** Instructions for the task **
Transcribe the data verbatim and drop its images.

** Given information **
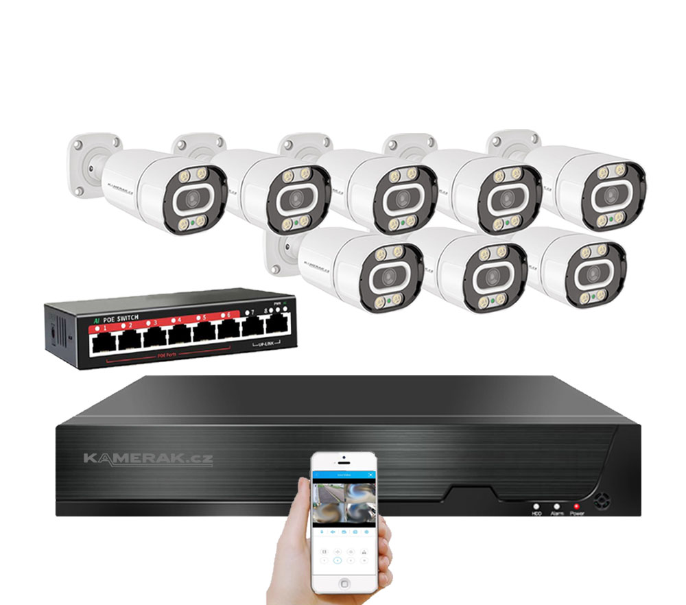 IP kamerový set s externím PoE pro jednoduché sestavení svépomocí. NVR v sobě nemá instalováno napájení kamer, které je řešeno pomocí switch. Lze tedy umístit switch (napájení IP kamer) na jiné místo než rekordér, který se následně připojuje k obrazovce/internetu.
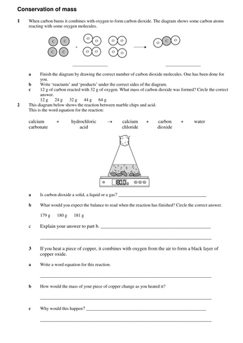 Law of conservation of mass worksheet answers
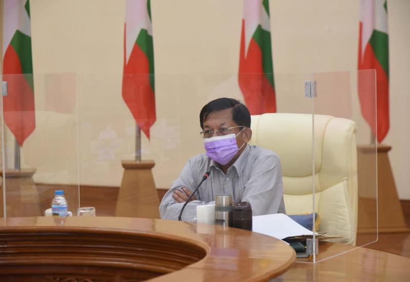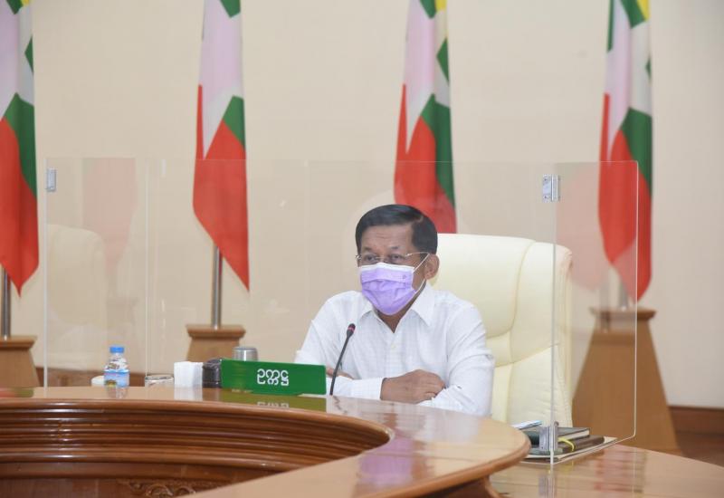 ကိုဗစ် - ၁၉ ရောဂါ ကာကွယ်၊ ထိန်းချုပ်၊ ကုသရေးဆိုင်ရာ ပဉ္စမအကြိမ် ညှိနှိုင်း အစည်းအဝေးကို ယနေ့နံနက်ပိုင်းတွင် နေပြည်တော်ရှိ ဘုရင့်နောင်ရိပ်သာ အစည်းအဝေး ခန်းမ၌ ကျင်းပပြုလုပ်ရာ နိုင်ငံတော်စီမံအုပ်ချုပ်ရေးကောင်စီ ဥက္ကဋ္ဌ ဗိုလ်ချုပ်မှူးကြီး မင်းအောင်လှိုင် တက်ရောက် အမှာစကား ပြောကြားသည်။
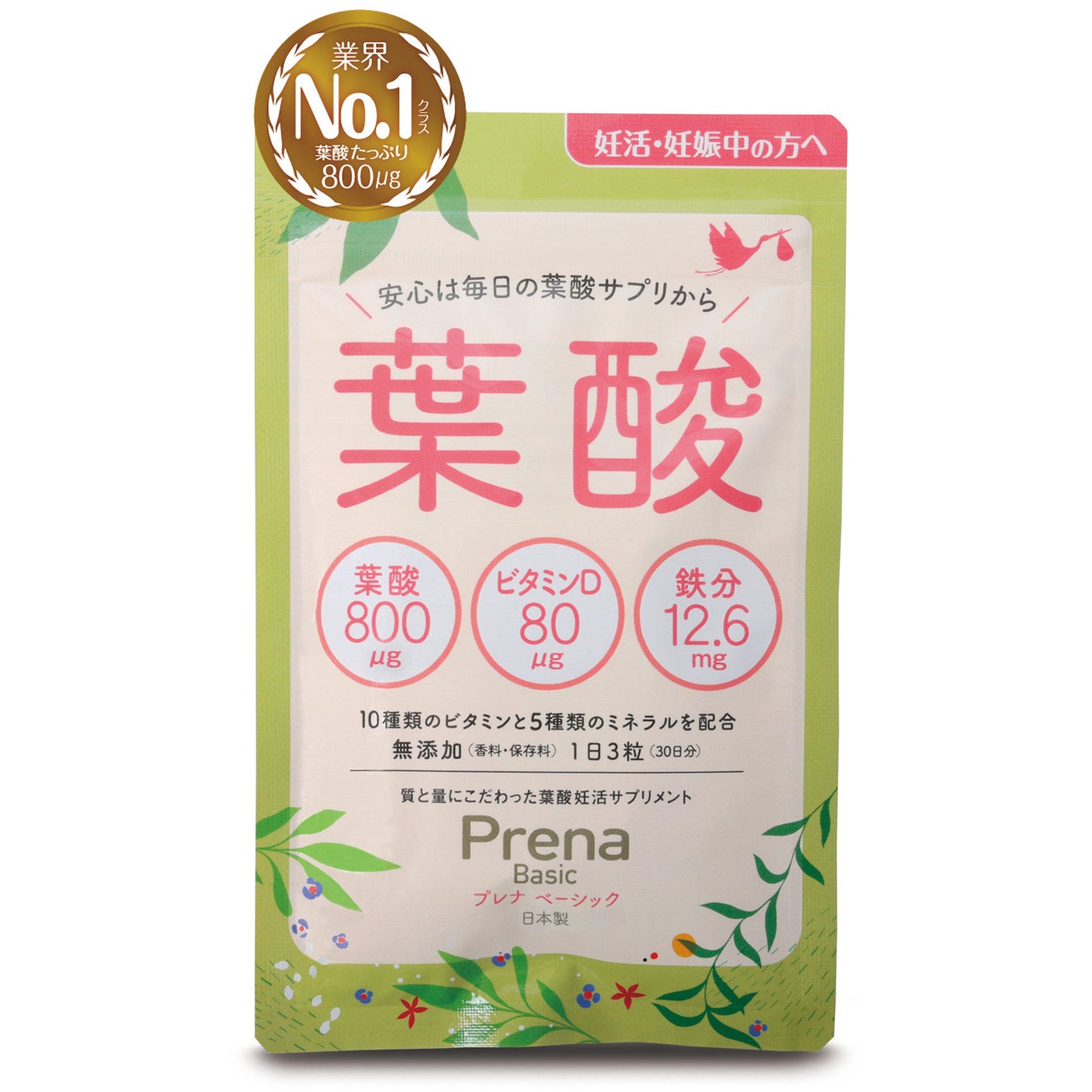「プレナ ベーシック」最大のこだわりは、葉酸の含有量です。受胎前後に葉酸のサプリメントを投与することによって胎児の神経管閉鎖障害のリスクが低減することは数多くの介入試験で明らかにされています。厚生労働省が妊活中の女性にサプリメントからの摂取を推奨している(※1)葉酸400μgの倍量の800μgは業界No.1クラスを誇ります。妊活・妊娠中に欠かすことのできない葉酸のメリットをいち早く感じられるよう、「プレナ ベーシック」には食品から摂取できる「ポリグルタミン酸型葉酸」ではなく、吸収の早い「モノグルタミン酸型葉酸」をたっぷり800μg配合することで、質と量の両方をカバーすることを実現いたしました。

** Answer section **
 IP kamerový set s externím PoE pro jednoduché sestavení svépomocí. NVR v sobě nemá instalováno napájení kamer, které je řešeno pomocí switch. Lze tedy umístit switch (napájení IP kamer) na jiné místo než rekordér, který se následně připojuje k obrazovce/internetu.
 Law of conservation of mass worksheet answers
 ကိုဗစ် - ၁၉ ရောဂါ ကာကွယ်၊ ထိန်းချုပ်၊ ကုသရေးဆိုင်ရာ ပဉ္စမအကြိမ် ညှိနှိုင်း အစည်းအဝေးကို ယနေ့နံနက်ပိုင်းတွင် နေပြည်တော်ရှိ ဘုရင့်နောင်ရိပ်သာ အစည်းအဝေး ခန်းမ၌ ကျင်းပပြုလုပ်ရာ နိုင်ငံတော်စီမံအုပ်ချုပ်ရေးကောင်စီ ဥက္ကဋ္ဌ ဗိုလ်ချုပ်မှူးကြီး မင်းအောင်လှိုင် တက်ရောက် အမှာစကား ပြောကြားသည်။
「プレナ ベーシック」最大のこだわりは、葉酸の含有量です。受胎前後に葉酸のサプリメントを投与することによって胎児の神経管閉鎖障害のリスクが低減することは数多くの介入試験で明らかにされています。厚生労働省が妊活中の女性にサプリメントからの摂取を推奨している(※1)葉酸400μgの倍量の800μgは業界No.1クラスを誇ります。妊活・妊娠中に欠かすことのできない葉酸のメリットをいち早く感じられるよう、「プレナ ベーシック」には食品から摂取できる「ポリグルタミン酸型葉酸」ではなく、吸収の早い「モノグルタミン酸型葉酸」をたっぷり800μg配合することで、質と量の両方をカバーすることを実現いたしました。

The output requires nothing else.